Through this I was able to get a rough idea how these AI labs go about things or like what’s the major steps involved when training an AI model, the different phases of it, pre-training, mid-training, and post-training.

The most interesting thing to me was the thinking SFT part of it, when we take a base pre-trained model and teach it to emit reasoning traces, those <think> tags that you see the model do.

Reasoning Traces And Why Labs Hide Them

When you use closed source frontier models like ChatGPT 5.4, Claude Opus 4.6, or even Gemini 3.1 Pro, all of these are reasoning models, meaning these models think before actually responding to your query.

These frontier labs hide the thinking and reasoning traces of these models and instead what we see are Thinking Summaries, which I guess might be generated by a smaller model or maybe the bigger model itself is hiding it, so that others can’t actually take these traces and distill from these models and create smaller and cheaper models.
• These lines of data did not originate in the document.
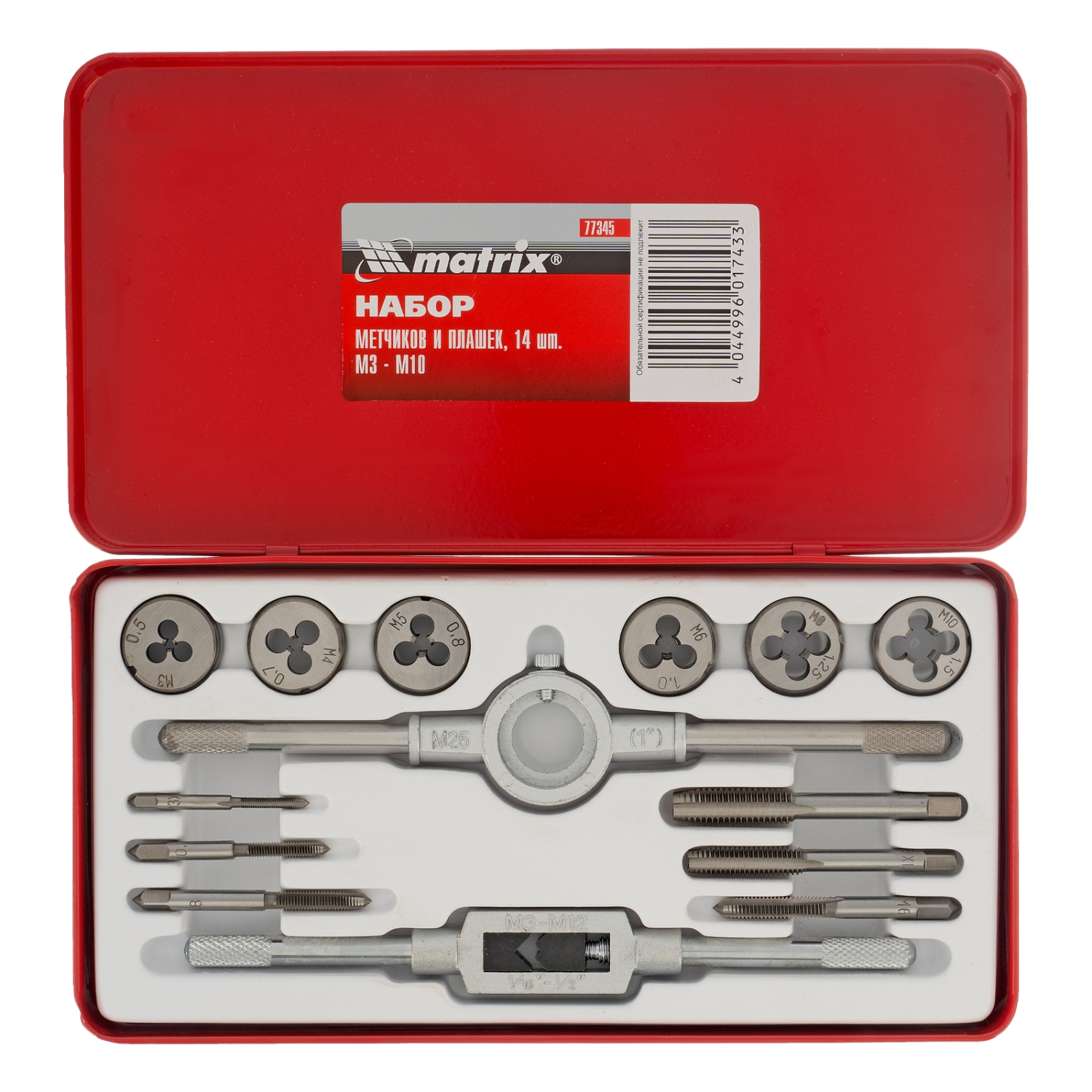 Набор метчиков и плашек М3 - М10, 14 шт. MATRIX MASTER 77345 прекрасно подходит для профессионального использования. Резьбонарезные инструменты, входящие в данный набор, изготовлены из инструментальной легированной стали.
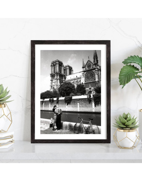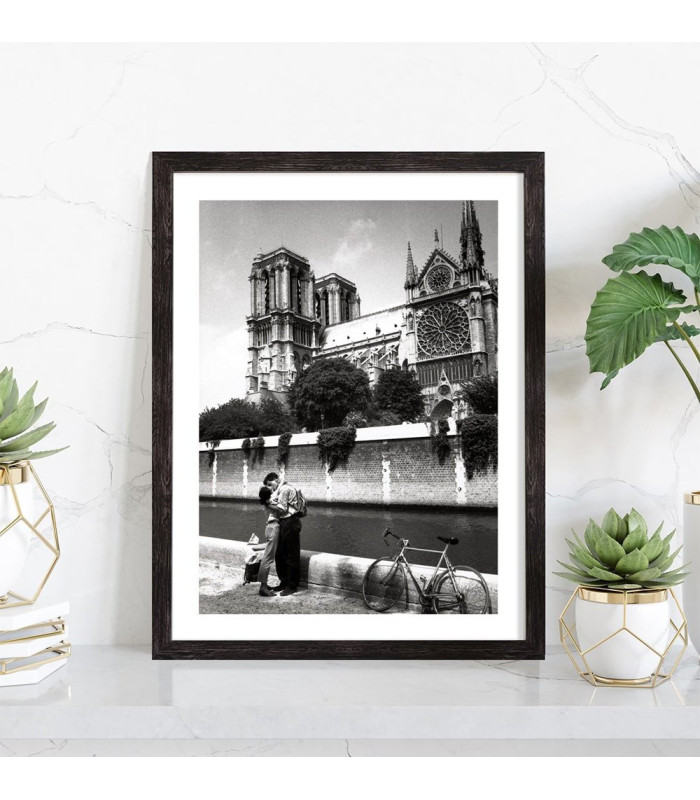 Tableau décoration vintage d'un jeune couple enlacé à Notre Dame de Paris.
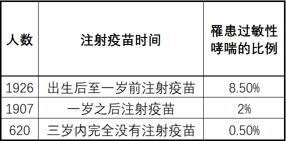 另一项加拿大的研究发现,给两组孩子(样本人数11531)分别接种DPT(百白破三联疫苗),其中一组孩子在三月龄接种,另一组孩子则在五月龄接种,他们成长到七岁时,三月龄组的孩子患上过敏性哮喘的风险比五月龄组的孩子高出一倍。[12]
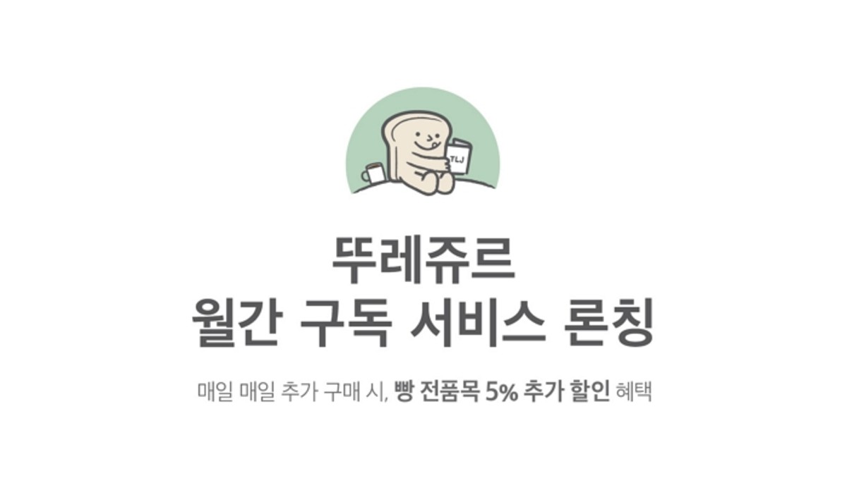 [인사이트] 천소진 기자 = CJ푸드빌이 운영하는 베이커리 뚜레쥬르가 월간 구독 서비스를 선보인다고 6일 밝혔다.
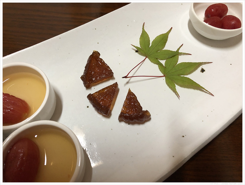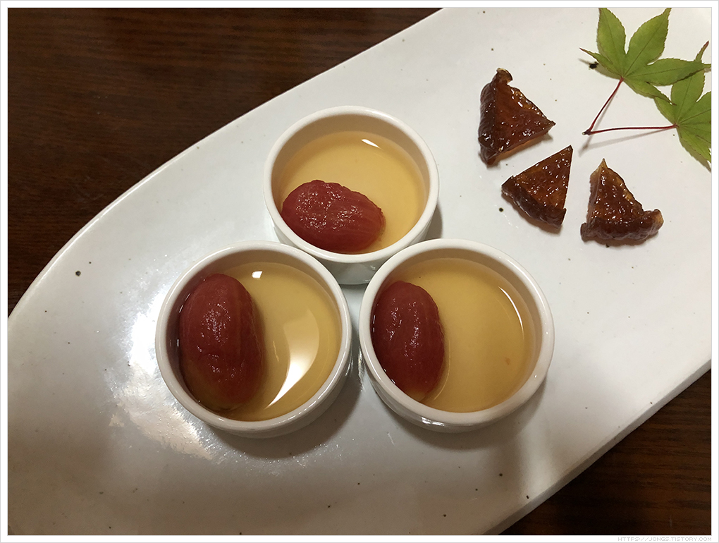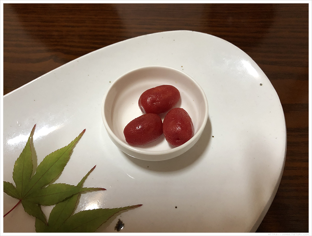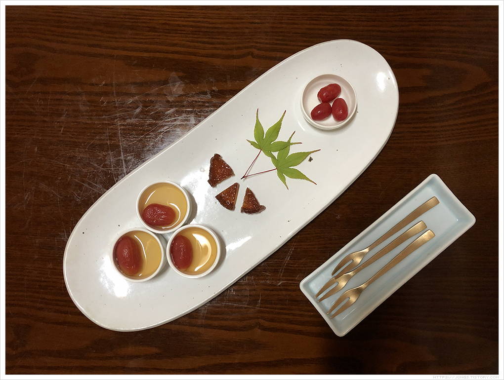 ▼ 마지막 메뉴인 후식입니다. 메뉴에는 “과일 한과 그리고 전통음료”라고 되어 있습니다. 왼쪽에 있는 것이 방울토마토 매실 절임, 정과, 보리수열매 입니다.

Anthropic has talked about this here: https://x.com/AnthropicAI/status/2025997928242811253

Anthropic post about hiding reasoning traces

I also tried to make sense of this distillation topic for me so that I could understand this term and the topic itself: https://x.com/arora_mrinaal/status/2026314927200182588

Tweet explaining distillation and reasoning traces

So I decided to take a small base pre-trained model and teach it to emit thinking traces, meaning to reason before answering.

Model Choice

So I picked Nanbeige4-3B-Base by Nanbeige LLM Lab (@nanbeige).

It’s a small but strong base model pre-trained on 23T tokens. Its training data also included knowledge-dense and reasoning-intensive synthetic data such as Q&A pairs, textbooks, and long chains of thought.

Because of that pre-training mix, I assumed the model would already have at least some familiarity with this style of reasoning and with <think> tags.

Approach

After talking with Claude for a while, I used it to figure out how to approach this setup.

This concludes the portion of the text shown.